One example is the kingdom’s headquarters law, which came into effect on January 1, 2024, and requires foreign companies operating in the Gulf to establish their Middle East headquarters in Riyadh if they want contracts with the Saudi government.

Saudi Arabia’s spending is undergoing a clear change of strategy

Saudi Arabia’s recently updated Investment Law also seeks to attract more foreign investment and has set an ambitious target of $100 billion in annual foreign direct investment by 2030.

That figure has now averaged around $12 billion per year since Vision 2030 was announced in 2017, according to data from the kingdom’s Ministry of Investment — still a long way from that goal.

Some observers in the region are skeptical that the $100 billion figure is realistic.

“The new investment law is absolutely critical to facilitate more foreign direct investment (FDI), but it remains to be seen whether it will lead to the huge increase and amount of capital required,” a Gulf-based financier told CNBC, speaking anonymously due to professional restrictions.

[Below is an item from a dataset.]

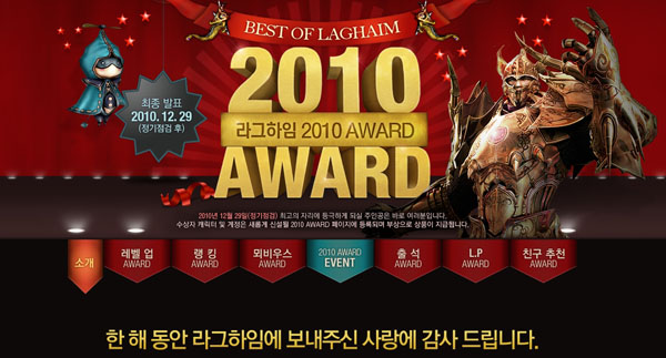 ... 지난 1월부터 오는 12월 29일까지의 성적을 통합해 발표되는 수상자는 '라그하임' 홈페이지에 새롭게 신설된 어워드 페이지에 영구 등록되며 부상으로 게임 내 얻기 힘든 명예 아이템을 지급할 예정이다. '라그하임'은 이번 시상식을 기념한 이벤트로 실시한다. 특히 신규 및 복귀

Solomon echoed this sentiment, noting that increased spending on major projects will require higher breakeven oil prices for the Saudi budget.

“It remains to be seen whether the PIF’s domestic investments will yield the expected results, especially in a region fraught with instability and oil-dependent budgets facing prolonged periods of low oil prices,” he said.

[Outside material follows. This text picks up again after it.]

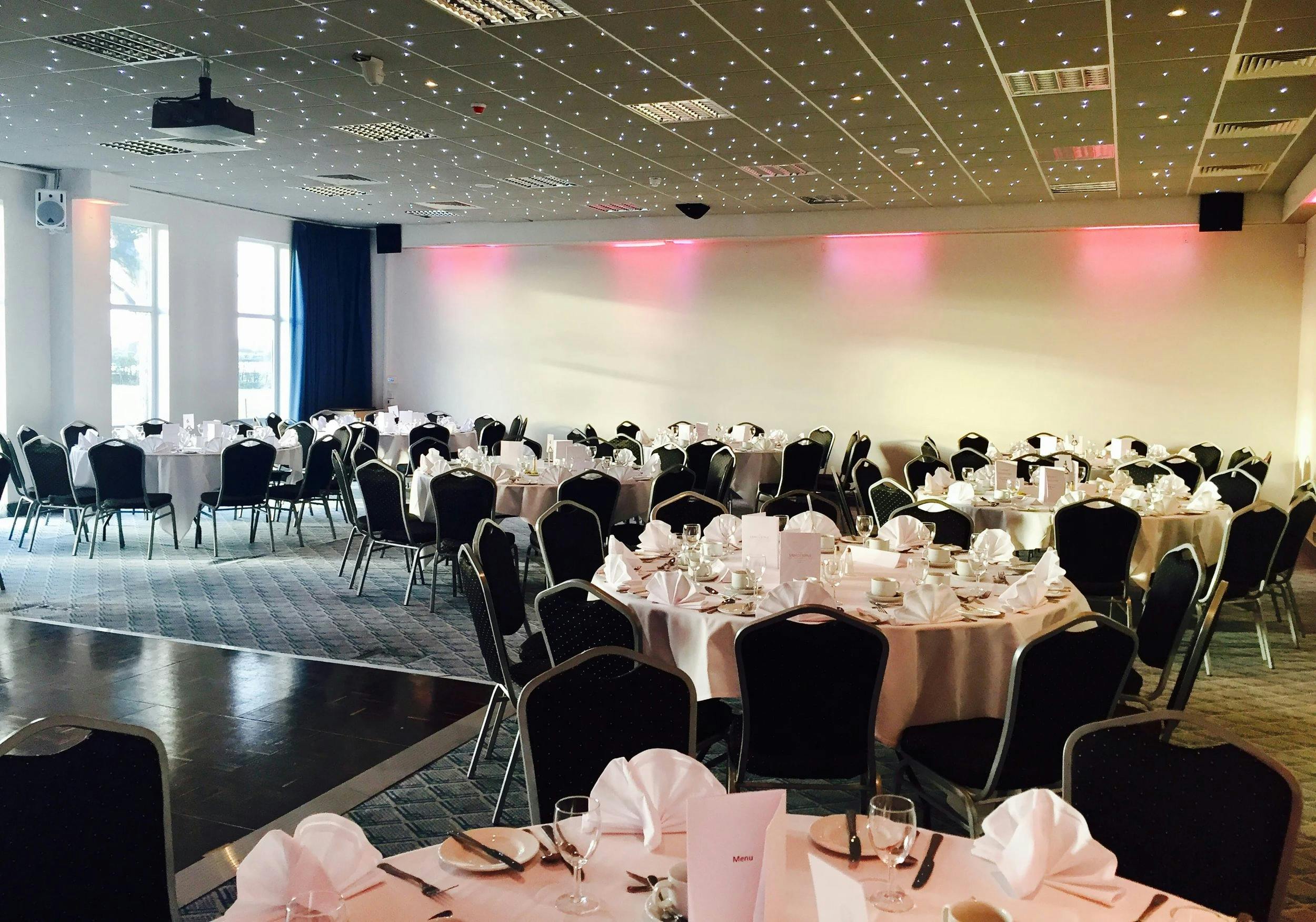 The Winchester Suite combines natural daylight with unique star ceiling lighting to create a standout venue. It can host up to 120 delegates in a banqueting-style layout, 100 theatre-style, or 90 cabaret-style. There's a private bar and nearby restroom, too.

Watch CNBC's full interview with Saudi Arabia's economy minister

Still, the new law “will improve local business conditions to attract foreign investment,” James Swanston, a Middle East and North Africa economist at Capital Economics, wrote in a recent report.

Investors have long complained that confusing and often ad hoc rules discourage greater participation in the Saudi economy. The new law will align the rights and obligations of foreign investors with those of citizens, introduce a simplified registration process replacing licensing requirements and ease the court process, among other things, according to the Saudi government.

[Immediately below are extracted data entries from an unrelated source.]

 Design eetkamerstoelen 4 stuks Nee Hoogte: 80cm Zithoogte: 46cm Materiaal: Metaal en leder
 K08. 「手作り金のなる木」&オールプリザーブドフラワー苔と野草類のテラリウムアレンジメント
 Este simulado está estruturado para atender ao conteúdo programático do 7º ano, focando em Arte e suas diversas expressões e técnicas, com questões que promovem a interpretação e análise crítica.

“We have long held that so-called ‘wasta’ (loosely translated as ‘who you know’) has been a major impediment to foreign companies establishing themselves in Saudi Arabia,” Swanston wrote.

Encouraging greater foreign participation “should also ease the burden that has recently been placed on the Public Investment Fund to compensate for lower foreign investment in the Kingdom,” he added.

No more ‘dumb money’

The shift toward greater scrutiny and domestic priorities is not exactly new; rather, it has gained greater speed each year.

While many foreign companies have long viewed the Gulf as a source of “dumb money,” some local investment managers said — referring to the stereotype of oil-rich sheikhs throwing money at whoever wants it — investment from the region has become far more sophisticated, employing deeper due diligence and being more selective than in years past.

“It used to be a lot easier to come and say, ‘I’m a fund manager from San Francisco, please give me a couple million,’” Marc Nassim, partner and managing director at Dubai-based investment bank Awad Capital, told CNBC in 2023.

“I think only a small minority of them will be able to take money out of the region; they are much more selective than before.”

If the kingdom’s priority was not clear to foreign investors before, it is now, said the Gulf-based financier who asked not to be identified.

“The PIF has been focused on attracting investment to Saudi Arabia for the past few years,” he said. “It took some time for bankers to fully appreciate the scope and scale of the change. It is, rightly, about transforming the economy.”